Wednesday, January 23, 2013

THE DYNAMICS AND COMPLEXITIES OF COMMUNITY DEVELOPMENT IN THE INNER CITY



1.0 Introduction
This paper focuses on some critical reviews of strategies to developing the downtowns or inner areas of cities; especially US inner cities. As part of the Urban Planning and Local Economic Development Series, this paper explores the dynamics and intricacies of the strategies for promoting community development in the inner city. Five main articles have been reviewed and implications drawn for urban planning and local economic development. To place the discussion in context, community development has been discussed briefly. Huie (1976) asserts that it is a "process of local decision-making and the development of programs designed to make their community a better place to live and work" while Dunbar (1972) defines community development as "a series of community improvements which take place over time as a result of the common efforts of various groups of people. Each successive improvement is a discrete unit of community development. It meets a human want or need." What is clear about these definitions is that firstly, community development is a process and secondly it involves the collaborative efforts of individuals and groups of a community with the aim of promoting human development. These are the key themes that these five articles espouse and with support from other literature materials the paper examines the various actors, their roles and interest, and the challenges thereof in promoting community development with key emphasis on the inner city of US cities.





2.0 Summary of Articles

2.1 Herbert J. Rubin, Renewing Hope within Neighborhoods of Despair 


In Chapter two; negotiating an Environment for Community Renewal; of his book, Renewing Hope within Neighborhoods of Despair, Rubin (2000) examines the activities of Community-Based Development Organizations (CBDOs) by presenting their activities, challenges and the environment within which they operate and manage development programs. These organizations "attempt to solve complicated problems of physical and economic decline within geographical areas" in the phase of limited funding, complex bureaucratic and regulatory systems, complex interests of stakeholders and the changing opportunities for development interventions with respect to time. By exploring the operational and management activities of these CBDOs, Rubin (2000) espouses a theory of new institutionalism based on organic theory and identifies this as the mechanism that enable CBDOs to manage the complexities of their operations. According to Rubin (2000), "the organic theory offers lessons on how to balance cross pressures that development organizations confront, but builds lessons on realistic experience." CBDOs do this by creating a set of strategies within complicated, inter-organizational environment where resources are constraint by balancing pressures from funders, learning to skillfully leverage resources and ideas and communicating these through networks of similar objectives. Based on this author’s arguments, CBDOs offer a great potential for developing the inner city. Nonetheless, without the requisite capacity especially reliable source of funding, their development ‘complementability’ is constrained and unsustainable.
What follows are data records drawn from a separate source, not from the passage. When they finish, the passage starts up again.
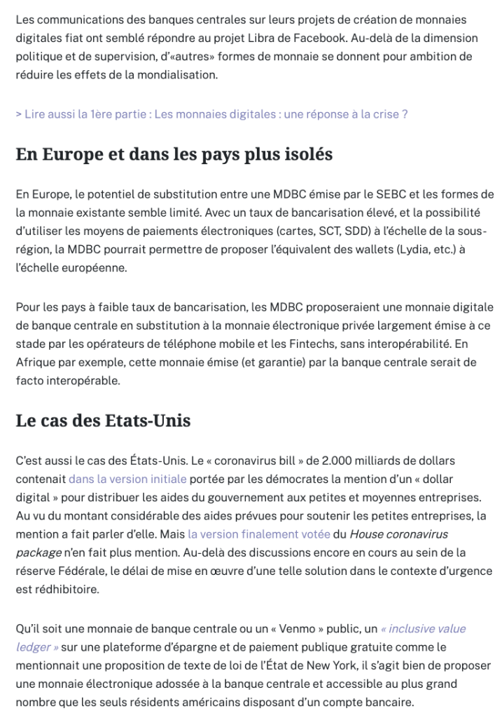 Les monnaies digitales à l’heure de la crise EB Economie internationale, Monnaie, Paiements 3 avril 2020 1 Minute Deux articles écrits pour Finance Mag en mars et avril 2020, visibles en ligne ICI et LA. Partager : Cliquez pour partager sur Facebook(ouvre dans une nouvelle fenêtre) Facebook Cliquer pour partager sur X(ouvre dans une nouvelle fenêtre) X J’aime chargement… Articles similaires Publié par EB Voir tous les articles par EB Publié 3 avril 2020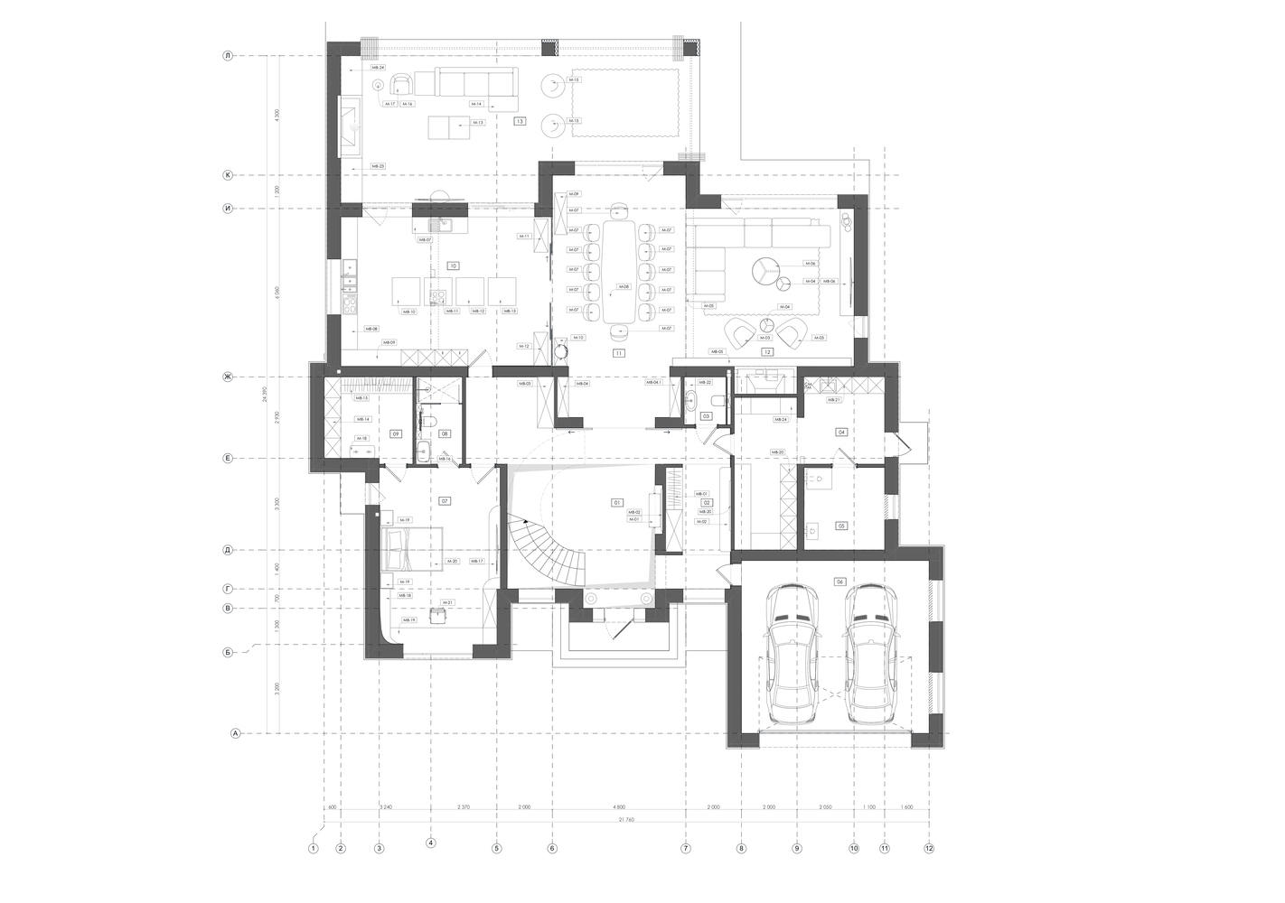 This project has one difference that is valuable for our experience. The walls and ceilings in Mureli House are rounded like the sides of an apricot. This became a challenge for our architects and general contractors. But they created as many junctions as needed for a perfect shape. We also found a way to make shadow seams on the floor and ceiling. For the final result, we needed patterns, according to which the masters cut out the plasterboard and mounted it. And we made it possible to perfectly fit all cabinet furniture into these radius walls. The drawings made during the work on this project are framed on the wall. Behind the sliding doors, the meeting area for guests begins — a wooden dining table for 12 people with soft Elephants, and a Khmara stretched over it all.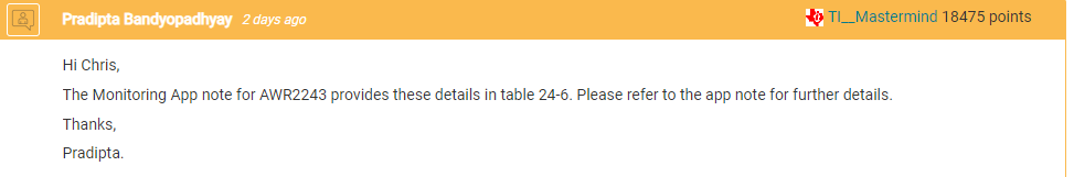 您好,请问AWR2243有什么配置方法可以让LO一直保持输出吗?我们调试想确定20G信号是否正常,但是要每次都需要上位机触发采样才有信号,不太方便测试
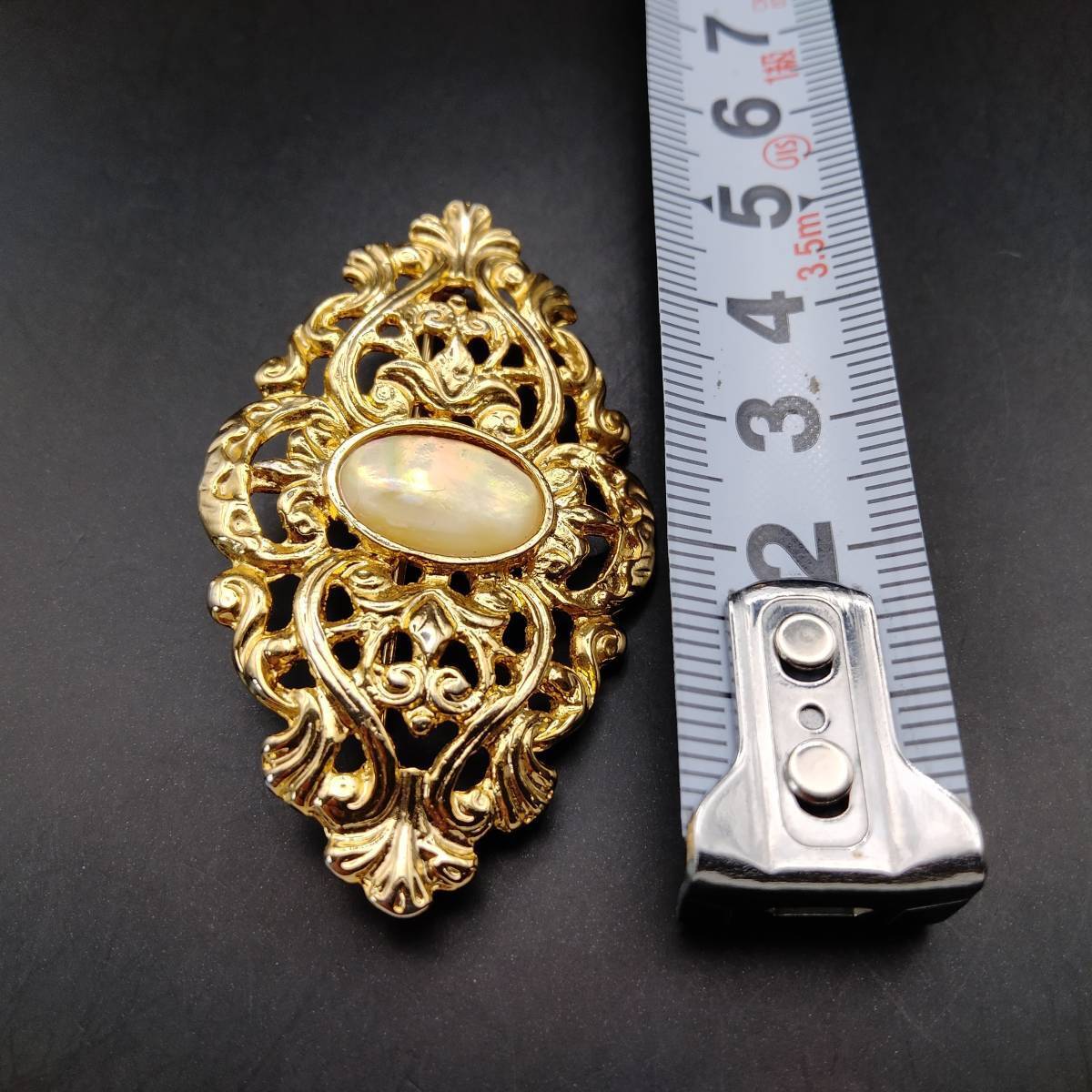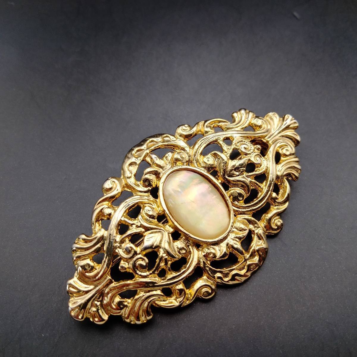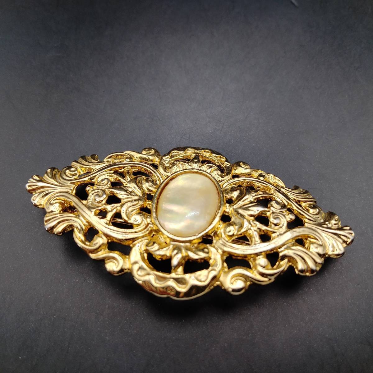 アールヌーヴォー 透かし 植物パターン ヴィンテージ ブローチ ゴールドトーン レトロ エレガント シェル調 装飾 AAO-1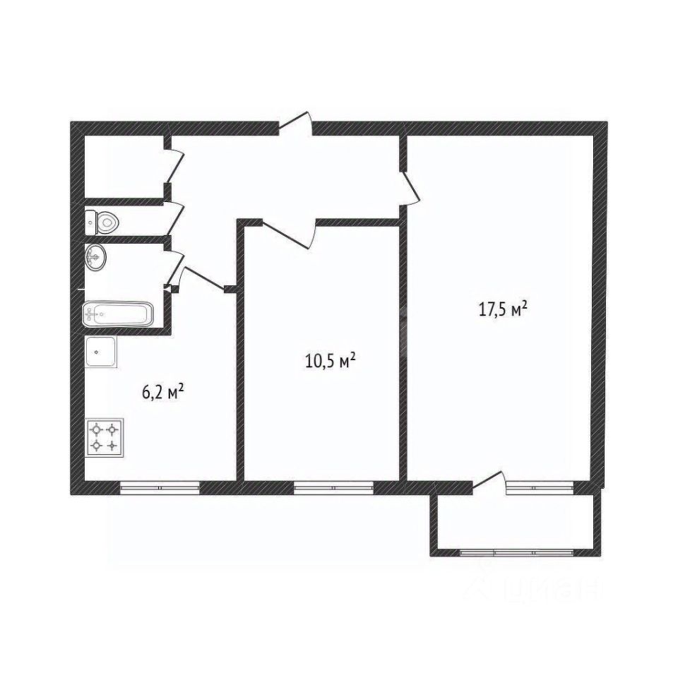 Практичная планировка включает в себя 2 просторные комнат: 17,5 м2 и 10,5 м2, все комнаты изолированные, так же огромный плюс - наличие гардеробной!

2.2 Randy Stoecker, the CDC model of urban redevelopment


Stoecker (1997) provides further exposition on the activities of the Community Based Development Organization; Community Development Corporation Model for Urban Redevelopment. The author assesses how viable these CDCs have been and concludes that within the framework of Community and Capitalism lie a constraint in the current model which seeks to facilitate development in the inner city. According to Stoecker (1997) CDCs have failed in this direction because of "limit of comprehensiveness" (poor institutional capacity), "the myth of community control" (community interest and representation, funders and profitability, and affordability and asset control and ownership) and "the development of disorganization" (loss of community power, cohesion and networks). Consequently, Stoecker (1997) recommends CDCs to build a "new model that rest on community organizing, community-controlled planning, and high-capacity multi-local CDCs held accountable through a strong community organizing process." However, the challenge with such an approach is the issue of legal mandates to perform and control planning efforts. Since they do not possess this mandate performing such functions may depend on the prerogatives of local governments to sublet such functions. Nonetheless their full potential are still yet to be adequately integrated into the city planning efforts. They can be conceived to be another level of decision making and implementation and thus integrated fully into the mainstream functions of city planning authorities. In such a case, the legal mandates become critically imperative. This will allow them to have a legal and mandatory concession to tax resources and their plans will be mainstreamed fully into the city planning process.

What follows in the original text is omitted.